Argyll suggested that it might be better if they met. It was a delicate matter.

“Don’t be such a damned fool! Tell me what it is or stop wasting my time.”

“Very well. I wish to ask you about an Uccello, which was in your possession shortly after it was stolen from the Palazzo Straga in Florence in 1963.”

There was a long silence from the other end, followed, rather irritatingly, by what sounded very much like a laugh. The secretary in the gallery was impressed as well.

“Was it indeed?” Forster said. “Well, well. Maybe I should talk to you about that. Whoever you are.”

He managed to say it with something approaching a contemptuous sneer. Argyll disliked him intensely already, but nonetheless agreed to meet him, in Norfolk, at eleven the next morning. It was, he thought as he put the phone down, a pity he couldn’t persuade Flavia to take a more active interest in locking the man up.

“Know what you mean,” said the secretary in the flat accent of south London, interpreting the sour look on his face with accuracy. “Real bleeder.”

Argyll glanced at her, and decided to be forthcoming. “Is he as bad as he sounds?”

“God, yes. Worse. Luckily, he almost never comes here.”

“Why does he come here at all? I thought he had a job with some old lady?”

“Oh, she died at the end of last year. Her successor took one look and kicked him out. So he’s a bit short of money. God knows why he’s allowed in here though. The boss loathes him, but somehow he’s part of the fittings. Every time he turns up my life’s a misery. No creep like an old creep. Hey, what’s all this about then? Been a naughty boy, has he?”

Argyll shrugged noncommittally. “If anything, he’s been a very clever boy, I think,” he said, unashamedly doing his best to blacken the name of a man who, for all he knew, might be as innocent as a new-born babe.

“Oh, yes? Did you mention something about a stolen picture? Lifted it, did he? When was this?”

Even Argyll, however, retained some shred of discretion. So he looked vague, said he really didn’t know all the details, and asked about how to get to the village of Weller, Norfolk. The girl was disappointed in him, and in a disapproving voice told him that Liverpool Street was the place to start.

Outside, he stood on the street and thought about it. Could he be bothered? He did have some time to kill before the plane back, but on the other hand was reluctant to go interfering in Flavia’s job too much. Over the years, he’d decided that the more police work was left to her, the safer their relationship was. It was only the purely malicious desire to cause this arrogant voice on the other end of the phone some discomfort which prevented him from dismissing the idea entirely.

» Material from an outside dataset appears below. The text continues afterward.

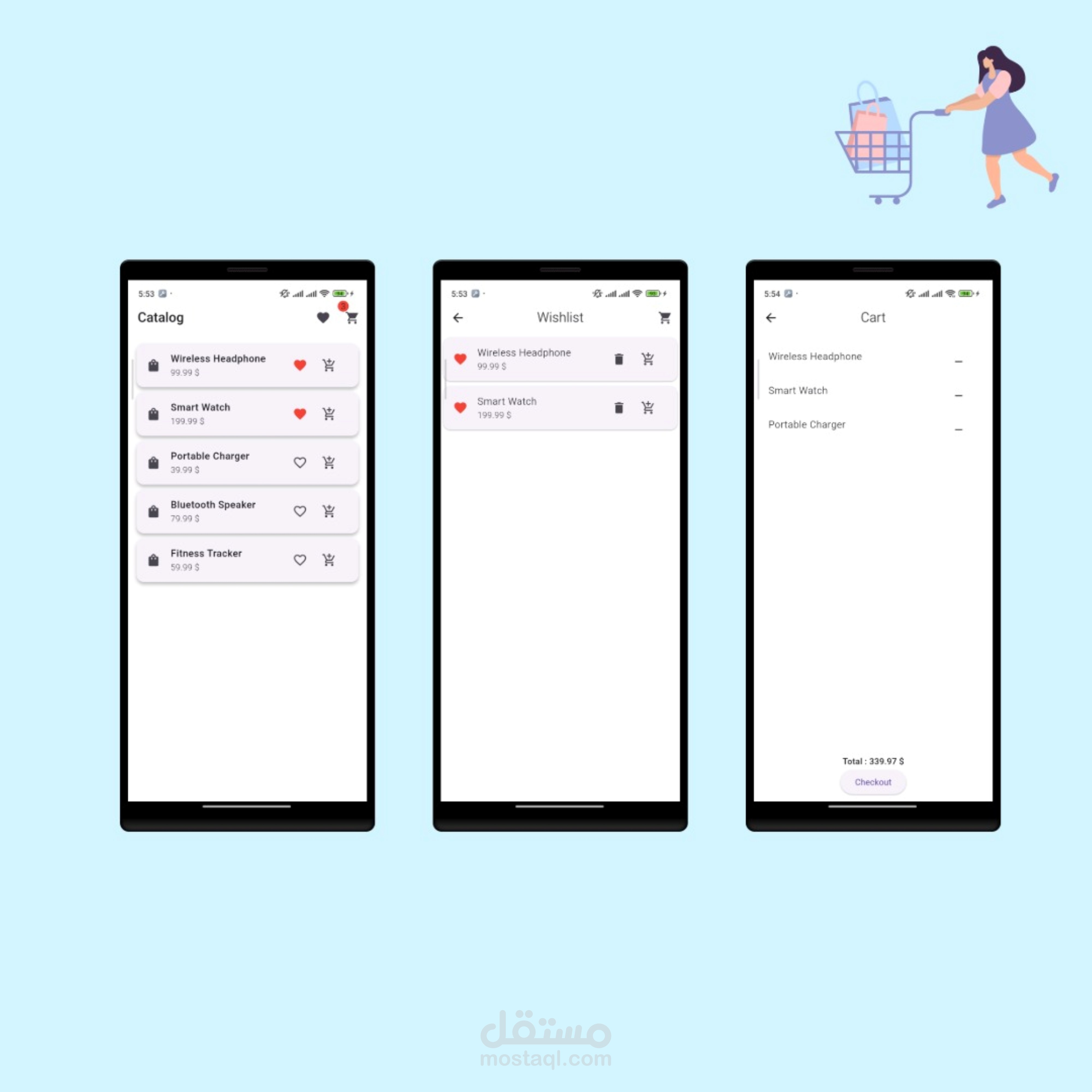 A catalog application that allows users to browse a well-structured product list, add items to a wishlist or shopping cart, and track the number of items in the cart in real-time. Users can also view the total order price and complete the checkout process with ease.
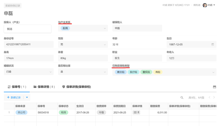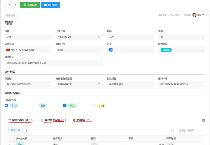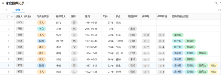 每个人的保险需求都需要根据人生阶段的不断变化动态调整,单身的时候对父母有赡养责任,结了婚对配偶有家庭责任,生了娃对孩子有养育责任,每多一份责任就会多一份保险需求。个人保险客户管理的单位应该是家庭而不是个人,市场上多数这类管理系统没有意识到这点,一个老客户的背后是一个家庭不断增长的保险需求,以及一群转介绍客户等着被发掘。

He decided he’d sleep on it. He had friends to visit, and he’d go and see them that evening. Then he’d rest, relax and consider. In the morning, he would decide what to do.

4

While Argyll was distracting himself in this fashion, Flavia was similarly stuck with activities which, in her opinion, made no sensible contribution to the maintenance of Italy’s slightly shaky grasp on law and order. She was, for much of the day he left, doing her paperwork.

It had been building up for days. Vast quantities had made their way to her desk, liked it, and settled down to nest and produce offspring. This was the disadvantage with having made yourself semi-indispensable over the years. Sometimes she didn’t quite understand why it was that certain administrative matters required her attention, but there it was. A mountain of reports on thefts, a hillock of reports on arrests and a virtual Alpine range of standard nonsense about all sorts of things. Archives wanted a new photocopier. What about Susannah’s day off next Thursday to go to her ex-husband’s wedding? An odd request, that one, but why not? No harm in being broad-minded. Accounts wondered whether another researcher had really needed to stay in the most expensive hotel in Mantua on a routine trip recently.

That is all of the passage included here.